Chuck puts down the paper, scratching at his beard as he explains.
"It acts as a sort of barrier to prevent anyone from getting inside if they aren't of what the tablet calls pure intent. I think it's what stopped Zachariah from being able to follow you two into the Garden when you spoke with Joshua."
"So... what? The tablet can be hidden in the garden, and nobody can get to it if they want to use it?"
"Basically."
"So what's that got to do with a Seraph?"
"Um... well. I'm still working this part out, so don't... like, I could be wrong."
"Chuck."
"I think... from what I can tell... Cas won't be able to get into the Garden with the tablet by just zapping in there. Even just taking the tablet to Heaven could be catastrophic. It's got too much power."

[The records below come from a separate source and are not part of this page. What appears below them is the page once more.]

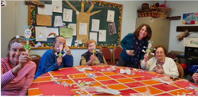
Easter Crafts and celebrations at the Wantagh Senior Center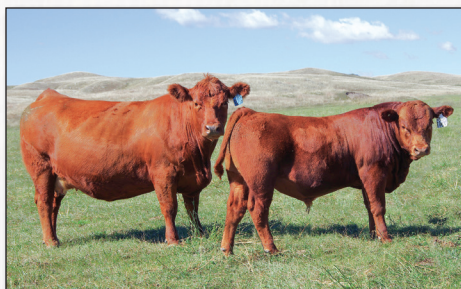
Dam to Lot 90 and His Full Brother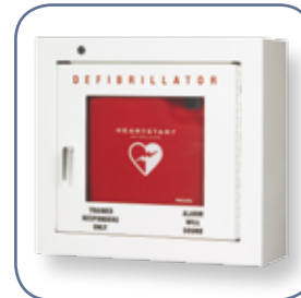
Basic AED Cabinet. Battery operated alarm with sound when door is opened. 9898 031 36531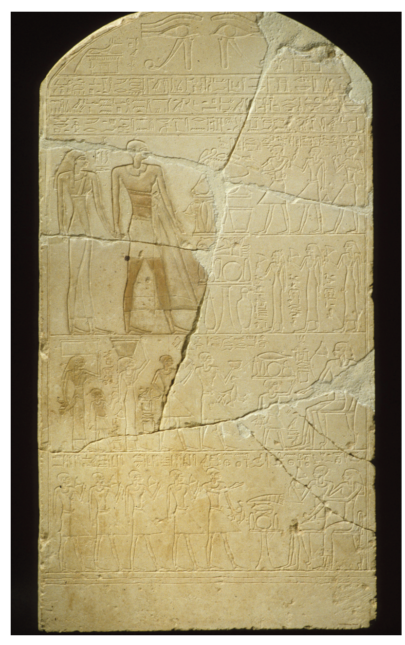
FIGURE 3: Figure 3: Stela of Reniseneb, 63.154, Metropolitan Museum of Art (New York). https://www.metmuseum.org/art/collection/search/545503 (accessed 30–Oct–2017).

the dead. These types of documents are known since the late Old Kingdom, and in them living members of the kin group would ask their ancestors to intercede in ordinary matters regarding inheritance, health, or fertility. This highlights their role as carers and protectors of the kin group, and places them at

"So what's the trick?" Charlie asks, twisting her head to look at the symbols as if she thinks she'll be able understand them from a slightly different angle.
"It says a Seraphim has to receive God's blessing to carry it through."
Dean snorts.
"Which basically puts us back to square one, because if God gave a crap he would have turned up years ago," he says, and Chuck shakes his head vigorously.
"No, no, there's a way."
Sam raises his brow; Dean is still too dubious for surprise.
"How?" Sam asks.
"I..." Chuck hesitates, his eyes darting away, "I don't know yet."
"But you've got an idea."
"Yeah. I do. But I'd rather know for sure first."
"Why?"
"I don't want to unneccesarily worry you?" he says weakly, and Dean can tell it's bad, whatever it is, "I've just got one more line to translate for context, and then I'll know for sure."
Briefly, Dean considers trying to make Chuck spit it out, but somehow he doesn't think he wants to know. Until it's real, until it's unavoidable fact, he can wait. One look at Sam and Charlie is enough to confirm they're thinking the same thing.
"I'll be done tomorrow morning at the latest," Chuck tells him, and Dean nods.
"Okay," he says, pushing back to his feet, "then I guess we'll leave you to it."
Chuck attempts a smile, but it falls so flat that Dean can't help but wonder just how bad it looks. The rest of the afternoon passes in tense silence that's only broken by Sam's increasingly frequent coughing fits and the canned laughter of a sitcom that none of them are really watching.
With his cell in his hand, Dean sits and waits, and sends more pointless text messages to Castiel than he thinks he's ever sent anyone. Castiel answers every last one. It doesn't help much, but it helps.